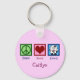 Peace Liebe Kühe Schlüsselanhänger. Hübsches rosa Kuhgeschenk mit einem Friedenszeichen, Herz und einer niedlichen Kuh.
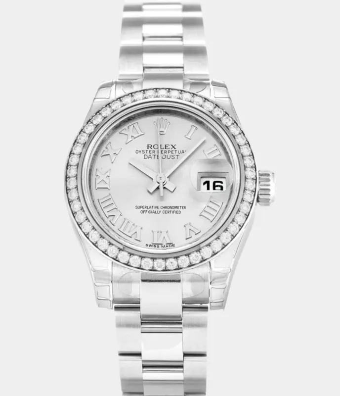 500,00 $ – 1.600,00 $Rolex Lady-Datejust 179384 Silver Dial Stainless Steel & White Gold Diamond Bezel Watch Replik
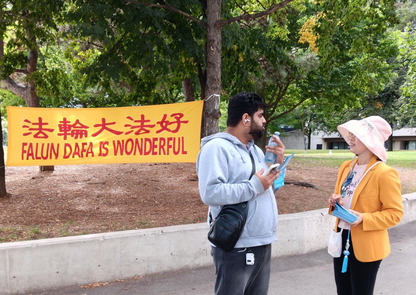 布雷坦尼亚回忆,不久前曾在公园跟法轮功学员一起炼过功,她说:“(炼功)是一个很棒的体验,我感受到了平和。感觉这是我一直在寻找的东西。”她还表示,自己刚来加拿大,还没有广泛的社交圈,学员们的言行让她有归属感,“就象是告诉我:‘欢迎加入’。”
=======
# [Task directions]
Could you give all of the data again exactly as written, omitting any pictures?

# [Written answer]
 Peace Liebe Kühe Schlüsselanhänger. Hübsches rosa Kuhgeschenk mit einem Friedenszeichen, Herz und einer niedlichen Kuh.
 500,00 $ – 1.600,00 $Rolex Lady-Datejust 179384 Silver Dial Stainless Steel & White Gold Diamond Bezel Watch Replik
 布雷坦尼亚回忆,不久前曾在公园跟法轮功学员一起炼过功,她说:“(炼功)是一个很棒的体验,我感受到了平和。感觉这是我一直在寻找的东西。”她还表示,自己刚来加拿大,还没有广泛的社交圈,学员们的言行让她有归属感,“就象是告诉我:‘欢迎加入’。”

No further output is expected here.